The 2022 Top 100 Course Rankings will be announced on social media and the website platform from Monday, January 31 to Friday, February 4. Repeating last year’s popular format, 20 courses will be presented each day, beginning with No 100 on the Monday and counting down to No 1 on the Friday.
Featuring in the Top 20 carries considerable prestige, and it’s a closely contested field of outstanding courses. Six of the current incumbents are in the Garden Route, three in the Eastern Cape, three in Gauteng, with the other eight spread around the country: two each from Mpumalanga and Western Cape, and one each from Northern Cape, KZN, North West and Limpopo.
Fancourt Links has been the country’s undisputed No 1 course since 2014, while the No 2 position has been occupied by Leopard Creek, Glendower and Pearl Valley. The Top 10 saw a new entry last year in Humewood at No 9, returning for the first time in 20 years, but it does have mostly familiar faces.
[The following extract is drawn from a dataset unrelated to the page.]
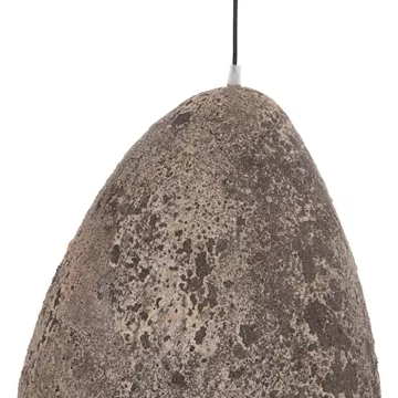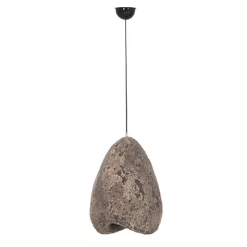 Το STONER (S) είναι ένα ιδιαίτερο κρεμαστό φωτιστικό οροφής που ξεχωρίζει χάρη στο μοναδικό του σχήμα που θυμίζει φυσική πέτρα. Κατασκευασμένο από ρητίνη (resin) σε γκριζωπό χρωματισμό με φυσική υφή, δημιουργεί ένα εντυπωσιακό διακοσμητικό στοιχείο που προσθέτει χαρακτήρα και αυθεντικότητα στον χώρο. Ο οργανικός σχεδιασμός του το καθιστά ιδανικό για σύγχρονους, minimal ή industrial χώρους που αναζητούν φωτιστικά με έντονη προσωπικότητα. Περισσότερο από ένα απλό φωτιστικό, το STONER λειτουργεί ως statement διακοσμητικό που δημιουργεί μια ιδιαίτερη ατμόσφαιρα φωτισμού.

Arabella, Fancourt Montagu, the Gary Player CC, and St Francis Links have never been outside the Top 10 since rankings began, or they were first opened for play, while the East Course at Royal Johannesburg & Kensington has been entrenched since 2007. However, the GPCC at Sun City,
a former No 1, did fall to No 7 a year ago.
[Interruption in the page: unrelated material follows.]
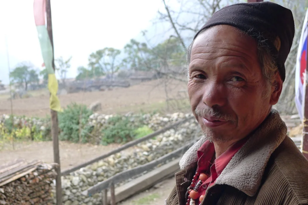 Peneliti Dolma Choekyi Lama, Tsering Tinley dan saya menginterview Dorje, seorang warga Nubri, sebuah daerah Buddha di Pegunungan Nepal, 71 tahun, sebagai bagian dari penelitian tiga tahun tentang penuaan dan migrasi.

Prospective climbers into the Top 100 include Blair Atholl, which was as high as No 4 in 2014, East London, which was No 10 prior to the last rankings, Sishen and Highland Gate. Sishen, our remote Northern Cape jewel, was a big mover up to No 13 a year ago, while the Ernie Els design of Highland Gate, another out-of-the-way destination, continues to receive plaudits from all who visit. It is currently at No 16.
Durban Country Club, which fell from No 4 to No 12 a year back, seems unlikely to immediately recover its Top 10 status following the unfortunate setback to their greens in 2021. We look forward to the recovery of the greens with new cynodon grass in 2022. DCC is scheduled to co-host a Sunshine Tour event with Mount Edgecombe from February 24-27.
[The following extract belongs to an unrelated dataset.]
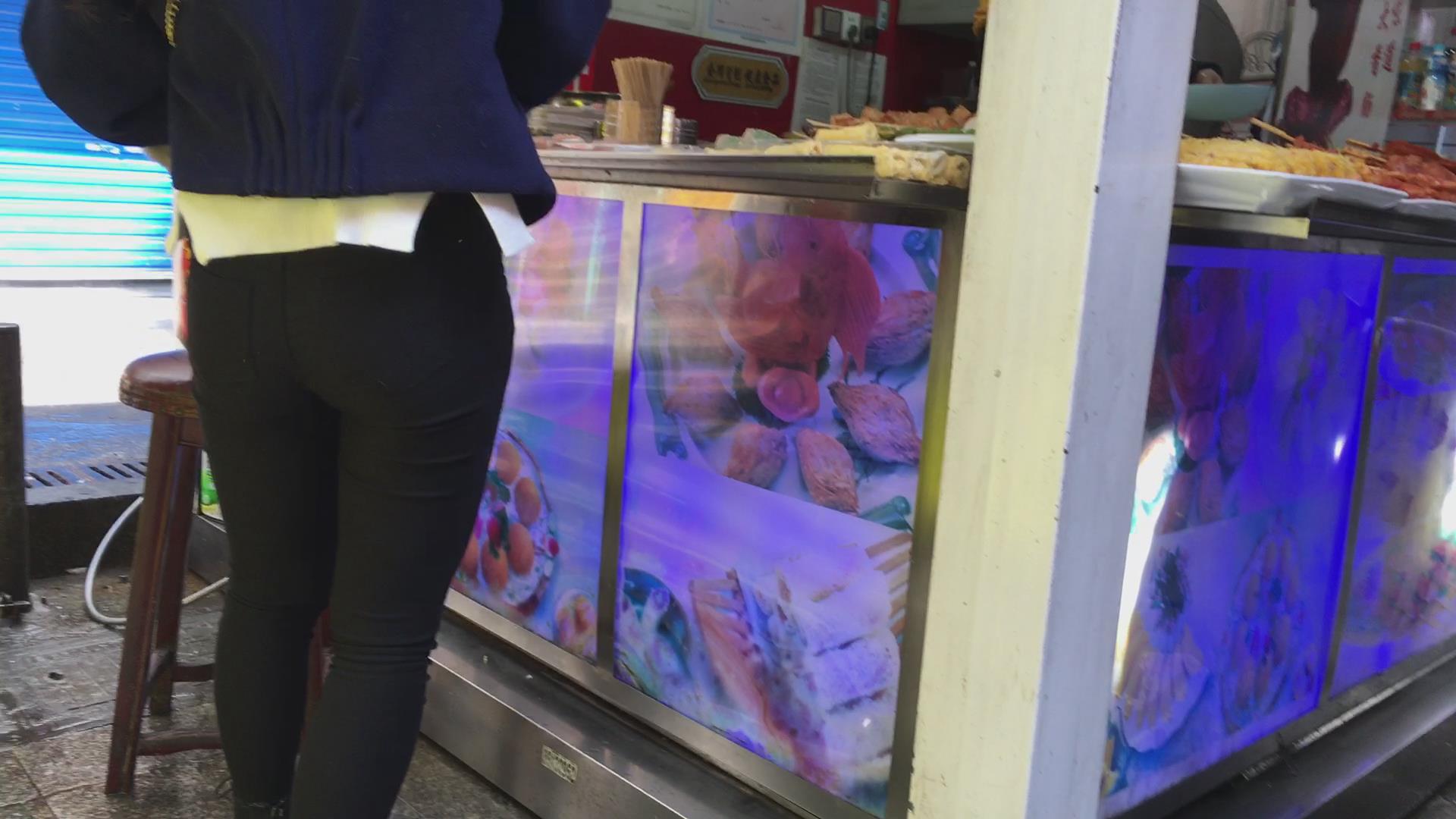 圆臀紧身黑裤小美女买鸡排 编号5730 |

The new rankings are as always likely to include a handful of newcomers to the Top 100, among them some courses which have never previously appeared in the rankings.
Contenders in this category which have come to our attention the past year are Clarens (Free State), Devonvale (Western Cape Winelands), Kambaku (Mpumalanga), Kloof (Durban), Richards Bay (KZN North Coast), Robertson (Winelands) and Waterkloof (Pretoria). Kloof is the only one to have previously featured in the rankings, from 2001 to 2009.
EXCELLENT CONDITIONING STANDARDS
It has been a busy and successful last 12 months for the majority of golf clubs in South Africa, with the number of rounds continuing to rise in every part of the country. What impressed me from my travels to all nine provinces during 2021 visiting and assessing 120 courses was the general standard of conditioning. It has reached standards of excellence that will be difficult to surpass. The greenkeeping fraternity have really raised their game.
While the quality of greens is the most important area of conditioning – they count for 10 percent of the total marks – I have been looking closely at the overall presentation of courses by the maintenance staff. This is where neatness and consistency through the green is judged. Paying attention to detail and enhancing the particular theme of a course, whether it be parkland, bushveld, seaside or links.
It’s all very well a course having an excellent putting surface on their greens, but if the surrounds are untidy, patchy or neglected, then it detracts from good work in other areas. Quality presentation is a sign of outstanding work by the course staff and indicates they are looking at the larger holistic picture. And while presentation counts for only a few marks in the Conditioning criteria, it does play a big role on a course’s mark in Aesthetics.
The leading courses in the Presentation Category on the website (The Top 100 By Top-Rated Category – SA Top 100 Courses) are not surprisingly those in the Top 10 of the rankings – Fancourt’s Links and Montagu, Leopard Creek, St Francis Links, Arabella, Pearl Valley, to mention some.
The six Conditioning categories are dynamic, changing with every rating entered into the system, and Fancourt Montagu was the leading course at the end of 2021 in Overall Conditioning, closed followed by Leopard Creek, Fancourt Links, Arabella and Highland Gate.
Other courses further down the rankings have also mustered 4 stars in the Presentation category and it bodes well for their chances of doing well in the new rankings. These include the likes of Pretoria CC, Zimbali, Woodhill, Euphoria and the two Mount Edgecombe courses.